(DATA SEGMENT)

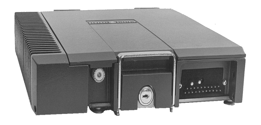
65-110 WATT MOBILE RADIO

DELTA-S NARROW BAND, SYNTHESIZED 403-430-450-512 MHz Mobile Communications (NEGATIVE GROUND ONLY)
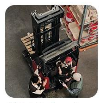
2) Pick-Up Cargo from 1 or Mutli Factory
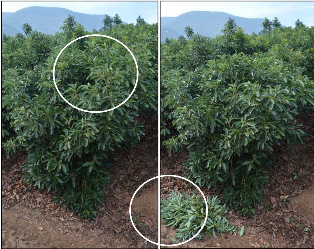
Figure 3. Post-harvest hand pruning of lateral shoot in a HDP orchard (Mexicola x Hass; 7.5x7.5; 700 hundred trees per acre) to keep tree height under control and limit shading effect.

(End DATA SEGMENT)

WORK REQUIRED — Copy out exactly, without any pictures, the lines above that begin at the one with "DELTA-S NARROW BAND, SYNTHESIZED" and end at the last line of the listing.

EXERCISE RESPONSE —
DELTA-S NARROW BAND, SYNTHESIZED 403-430-450-512 MHz Mobile Communications (NEGATIVE GROUND ONLY)
2) Pick-Up Cargo from 1 or Mutli Factory
Figure 3. Post-harvest hand pruning of lateral shoot in a HDP orchard (Mexicola x Hass; 7.5x7.5; 700 hundred trees per acre) to keep tree height under control and limit shading effect.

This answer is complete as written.